I was delighted that the image chosen is a crop of the iconic Bondi Surf Club lifesavers by Enver Camdal and me, part of a 27 piece Sydney street furniture installation we made way back in 1998. The Bondi Surf Bathers’ Life Saving Club (Bondi Surf Club) is officially recognised as the oldest surf lifesaving club in the world and holds an indelible position in Australian history.

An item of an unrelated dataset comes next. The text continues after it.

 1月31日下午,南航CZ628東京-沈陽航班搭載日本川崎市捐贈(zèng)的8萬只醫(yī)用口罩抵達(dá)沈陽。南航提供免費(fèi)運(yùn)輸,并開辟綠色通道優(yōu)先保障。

I am most thrilled though that the publisher’s crop includes the Turkish lifesaver of Enver’s making (far left). Enver ‘Turkish-ised’ one of the lifesavers, giving him a hairy chest and moustache, possibly even a portrait of Ataturk – the Father of modern Turkey. At the time we made these mosaics this was a somewhat cheeky act, given the valorous nature of life saving culture and the ANZAC legends built around the numerous Bondi Club members who fought at Gallipoli.

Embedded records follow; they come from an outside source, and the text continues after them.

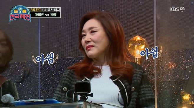 본격 무대에 앞서 마이진은 상대인 '최향' 2행시로 기선 제압에 들어갔다.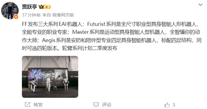 贾跃亭:FF发布3大系列机器人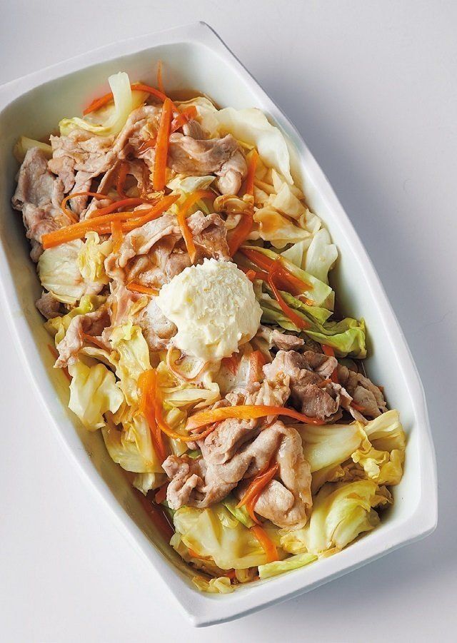 (1)耐熱の器に、キャベツ、にんじんを入れ、豚肉を広げてのせる。

Ataturk’s own tribute to the ANZACS killed at Gelibolu (Gallipoli):
“Those heroes that shed their blood and lost their lives … You are now lying in the soil of a friendly country. Therefore rest in peace. There is no difference between the Johnnies and the Mehmets to us. Where they lie side by side now here in this country of ours … You mothers, who sent their sons from faraway countries wipe away the tears. Your sons are now lying in our bosom and are in peace after having lost their lives on this land. They have become our sons as well.”
A century later, it seems a poetic and potent gesture of genuine peace and reconciliation that Enver’s Turkish life-saver features as he does, both on the bench seat and now on the cover of the 2014 Sydney street directory.